Linux – DHCP troubleshooting – client timeouts

dhcplinux

I have setup two ubuntu 13.10 serwers – one of them is in a small test network + two more clients, separated from our company's main network but connected to the Internet. This server is my testbox, I'm doing new software testing on it. Has DHCP, PXE and DNS on it.

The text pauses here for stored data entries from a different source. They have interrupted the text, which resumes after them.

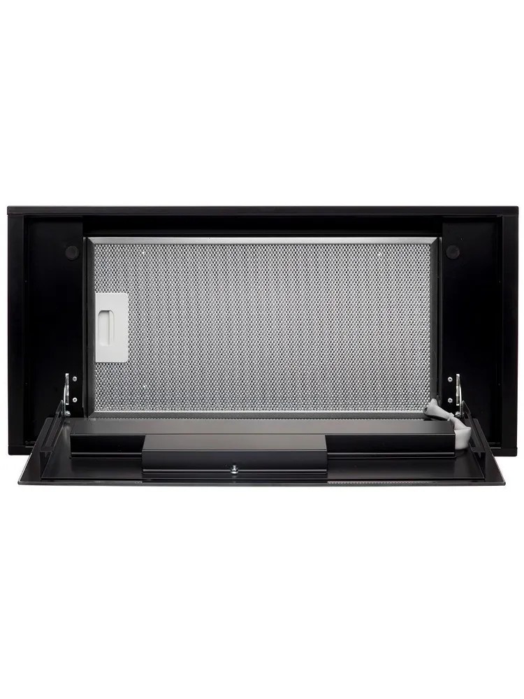 Вытяжка полностью закрывает нижний горизонт шкафчика и может монтироваться вместо нижней полки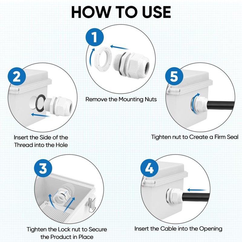 - [WIDE APPLICATIONS] Whether you need waterproof cable pass through for your home, office, or industrial project, our junction box adapter kit has got you covered, providing a versatile solution for all your wiring needs.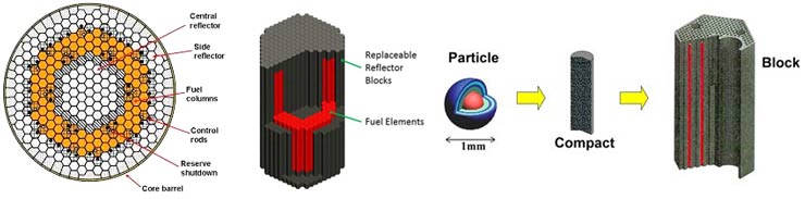 Le cœur est constitué de combustible TRISO comprenant 10 milliards de particules réparties dans des blocs cylindriques de graphite, assemblés en 102 colonnes annulaires entourées d’un réflecteur en graphique, et d’un réflecteur central (notons que ces mêmes dispositions pourraient être adoptées pour des modèles beaucoup moins puissants, jusqu’à 16 MWth).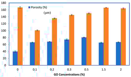 Membrane porosity is also a critical parameter that affects membrane performance. The porosity of the membranes for the control PES and GO/PES membranes at different concentrations of GO is displayed in Figure 4. The porosity of the membrane was highly enhanced from 39.92% for the control PES to 80.6% when the concentration of GO was 0.5 wt%. With further increases in the amount of GO (1.5 and 2 wt%), the porosity of the composite membranes declined significantly to 65.4% and 67%, respectively. These results are comparable to previous studies, where an increase in the content of hydrophilic additives led to larger void sizes and higher porosity [47]. The SEM results confirmed the measurements of the membrane thickness and porosity. Figure 4 also shows the effect of GO-NPs concentrations of the thickness of PES membranes. At lower concentrations of GO-NPs in the casting solution, the demixing process becomes faster, which in turn leads to a decrease in membrane thickness, whereas on the other hand, at higher concentrations of GO-NPs in the casting solution, the demixing process becomes slower as the concentration or content of the solid material is increased within the membrane, which leads to an increase in membrane thickness.
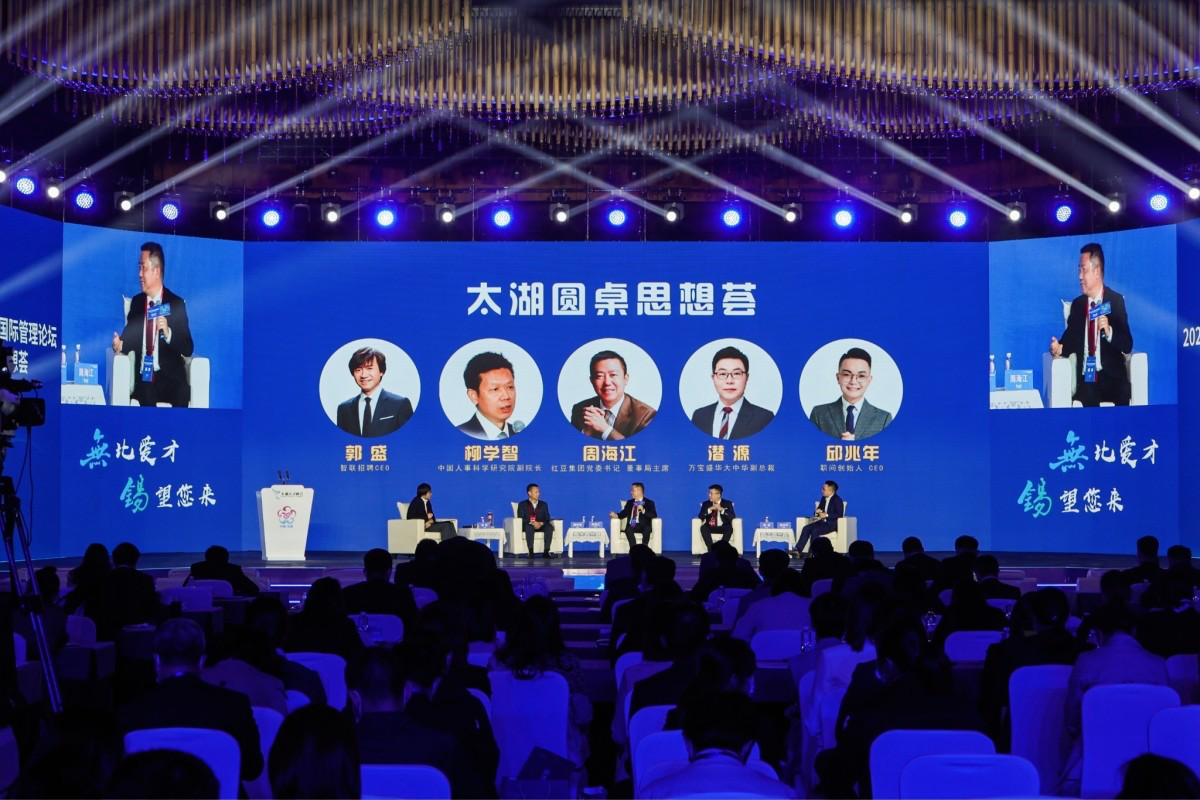 太湖圆桌思想荟对话环节,智联招聘CEO郭盛,中国人事科学研究院副院长柳学智,红豆集团党委书记、董事局主席周海江,万宝盛华大中华副总裁潜源,职问创始人、CEO 邱兆年等专家学者,就“新时代、新人才、新生态 如何开展人才招引育留服”等话题发表观点,凝聚起进一步扩大“太湖人才”品牌影响力的广泛共识,为加速无锡人才产业和创新资源集聚、促进长三角更高质量一体化发展注入强劲思想动能,助力共创更加美好的未来。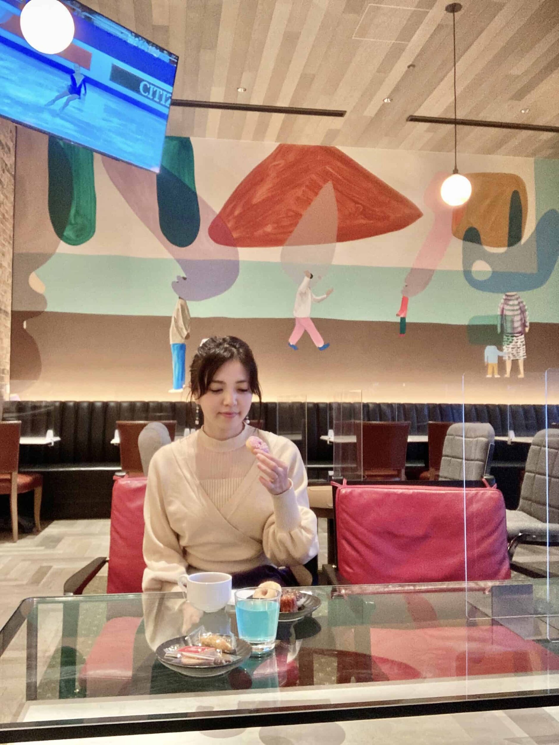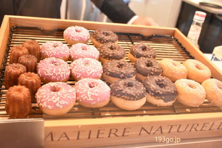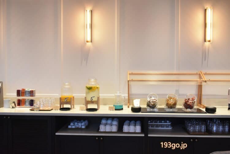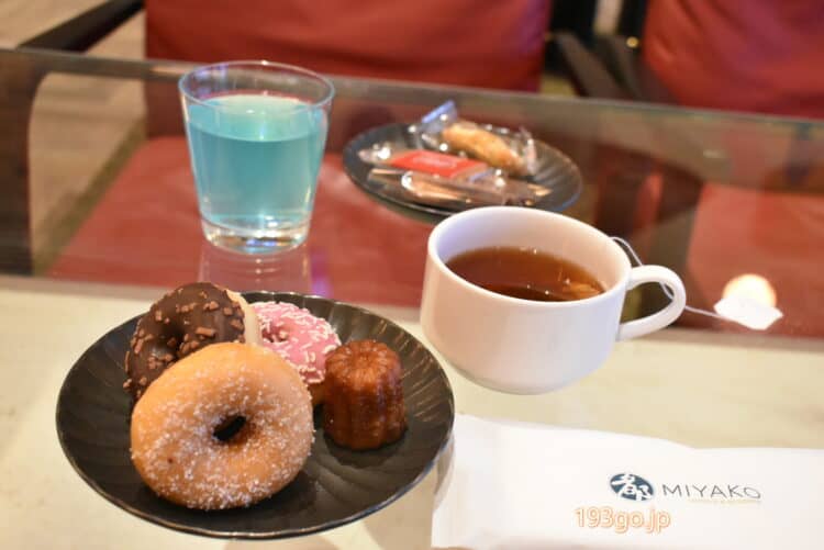 ミニドーナツやカヌレ、ティー、コーヒー、ブランドカラーのブルーを取り入れたオリジナルのレモネードなどが無料サービス。

The other one is in our main network, currently serving as both DHCP server and DNS forwarder.

Problem:

In our big network, DHCP requests tend to timeout before arriving at DHCP server and I don't know why (90% of the time). DHCPDISCOVER entries do not appear on SYSLOG at ubuntu server. As opposed to my small test network, where DHCPDISCOVER is displayed very quickly.

Things I noticed

  • Windows 7 and XP clients, probalby thanks to their persistence, are getting their IP addresses, only after a delay, which normally is not seen on the test network, (or my home network, for that matter).
  • Intel Boot Agent shipped with Dell Optiplex 620 or 755 or 780 times out more often than not
  • CloneZilla, when launched from USB stick, when trying to get IP address from DHCP, starts with TIMEOUT = 3secs and does not succeed, then retries some more times with increasing timeouts and only after timeout is set above 15 or 18 seconds – IP is obtained
  • other programs that try to get an IP, setting timeout of 15 secs or less, do not succeed.

Environment

  • Our Router is only a router – does not serve DHCP nor is it DNS forwarder,
  • Ubuntu box is a separate machine that currently does only these two things,
  • Between machine I am testing and said DHCP server is one switch, CISCO SB SGE2010, Gigabit. Of course there are machines that are two to four switches away,
  • DHCP server's eth0 is 100Mbit,
  • Responses from the same machine to DNS queries are immediate (I'm testing resolving addresses I haven't used in a while),
  • I can ping anything from this server and server from any machine and no packet losses are occuring,
  • our network comprises of about 140 machines, including statically addressed network equipment,
  • We use only one subned of 192.168.0.0/24 and no VLANs (yet),
  • my DHCP server has no pool to assign from, only static leases. I tried adding a pool too, but that didn't change a thing, so back to square one.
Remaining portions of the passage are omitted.